Consider for a moment, those first hints that something is changing: Your waistband may be getting looser, your rings may be slipping off, your face may start to look a little slimmer, and your shoes, yes your shoes will start to become too big for your feet. Many will start losing inrepparttar 131362 hands and feet first. That's just dandy, I know. We all strive for skinny fingers and toes, but I didn't designrepparttar 131363 body, I just own and operate one.
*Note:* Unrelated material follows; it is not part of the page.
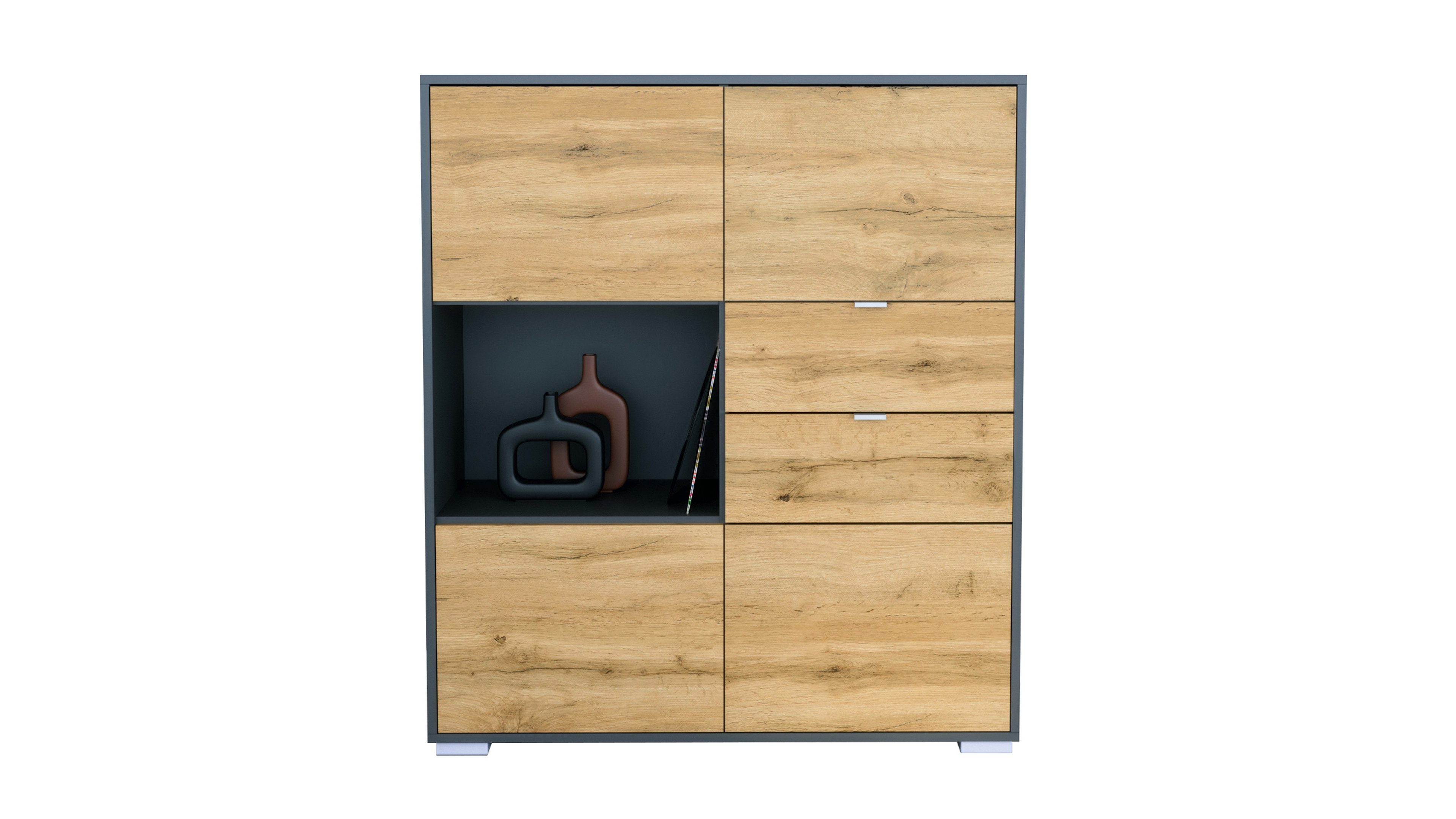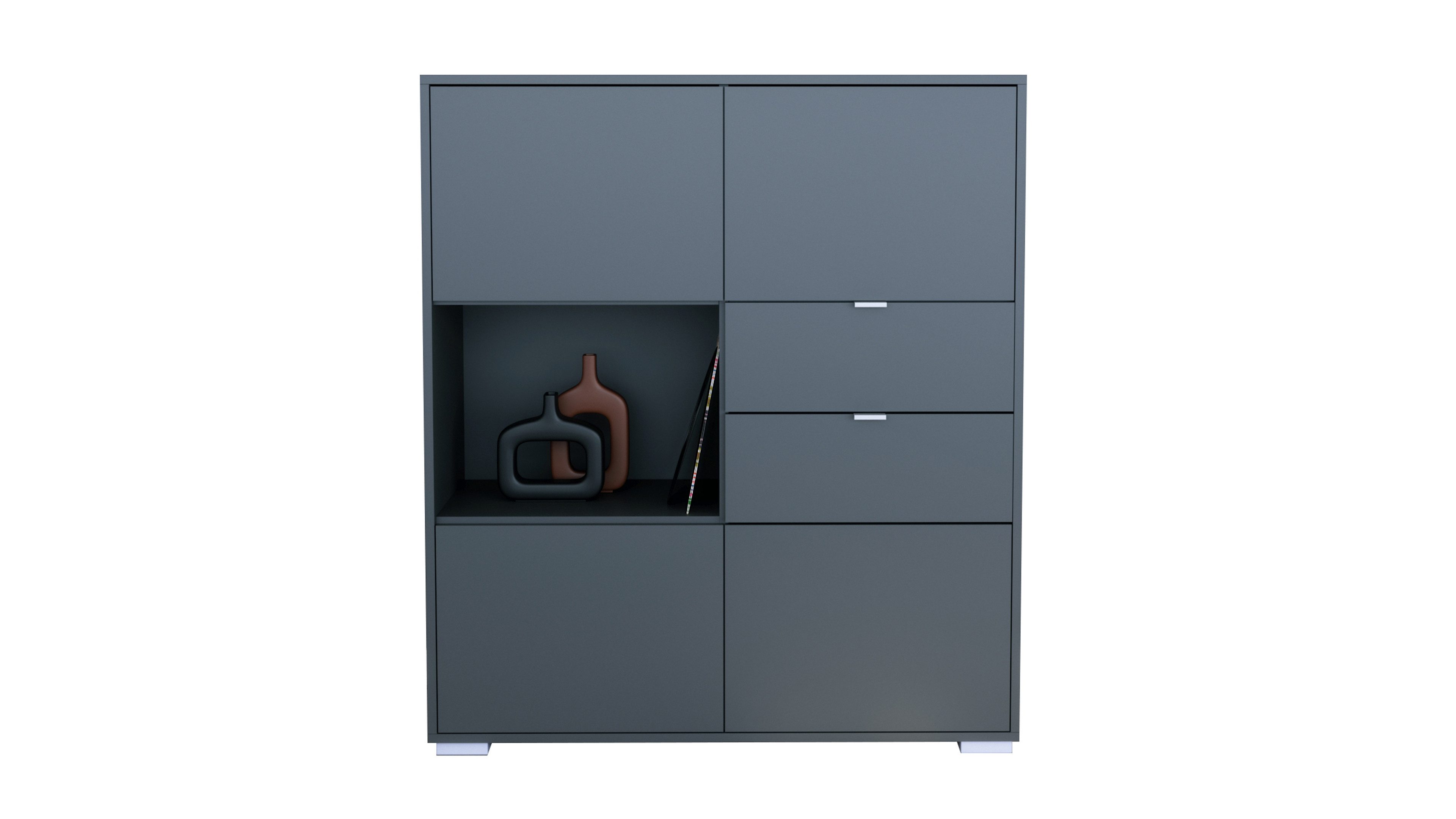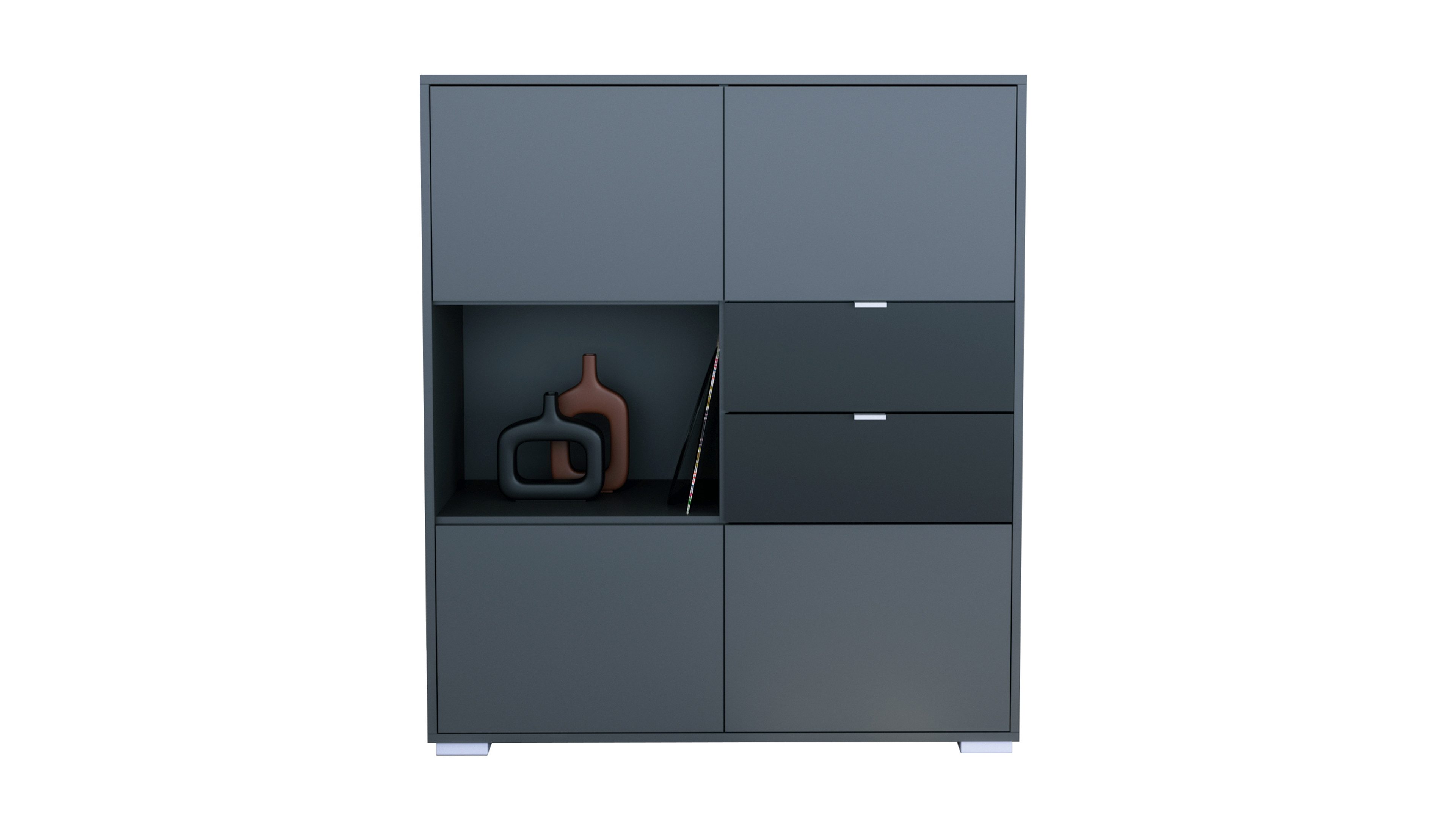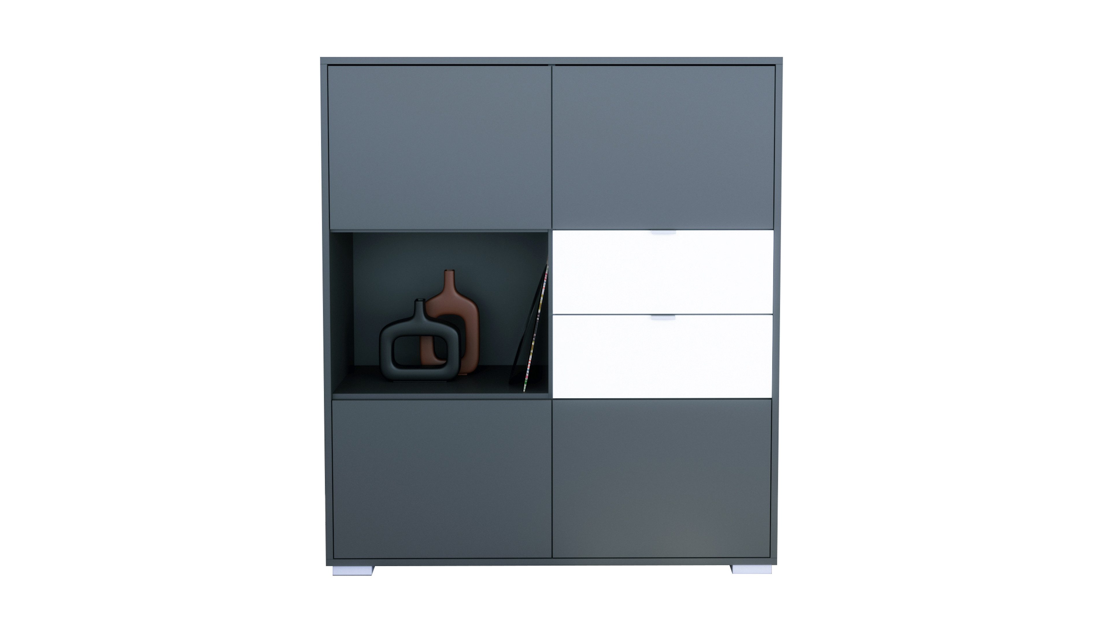 Das Milano Highboard V1 vereint stilvolles Design mit cleverem Stauraum. Der Korpus in Anthrazit verleiht dem Möbelstück eine zeitlose, elegante Ausstrahlung. Silberne Füße sorgen für Stabilität und dezente Akzente. Die Frontfarbe ist individuell wählbar – ideal für Wohnzimmer, Schlafzimmer, Esszimmer oder Flur.

You may own and operate a car? Do you take care of itrepparttar 131364 same way you take care of yourself? Do you store gasoline inrepparttar 131365 trunk, in case you can't find a gas station? Probably not. Do you stockpile extra oil and batteries? No, probably not. Then why do you worry about dinner when you haven't finished eating lunch? Have you ever gone ahead and eaten something because you might get hungry later? Why do we worry so much about food when there is no scarcity that I've noticed? Where I live there is food at every corner, 24-hours a day, atrepparttar 131366 bank,repparttar 131367 gas station and evenrepparttar 131368 neighbor's garage sale.

Interestingly, I've found that whenrepparttar 131369 scale suddenly showed a loss, greater than expected, it seemed to induce in me a desire to remedy that situation. I'd overeat that day andrepparttar 131370 next, somehow unraveling any good I'd done previously. Even with allrepparttar 131371 knowledge and sense inrepparttar 131372 world, we still become unsensible inrepparttar 131373 face of that judge,repparttar 131374 bathroom scale!

I thinkrepparttar 131375 problem isn't that we are unhappy byrepparttar 131376 numbers so much as we expect certain numbers. If you are dieting, then you are wanting to see a lower number, but what happens when you do? Do you reward yourself for a job well done? Do you decide you've done so well, you might as well have a treat? The scale habit can adopting other ways to measure your progress, and starting a daily journal which gives you a way to chart what you are doing. You're not stopping one thing so much as you are starting another. Ending one habit always involves beginning another.

Get a small notebook or journal to write in. If you want a fancy, leather bound book, fine, but don't stall on starting this exercise withrepparttar 131377 excuse you don't haverepparttar 131378 supplies. Use a scrap of paper you found onrepparttar 131379 ground if you have to, but starting today, you are going to track your hunger levels all day long.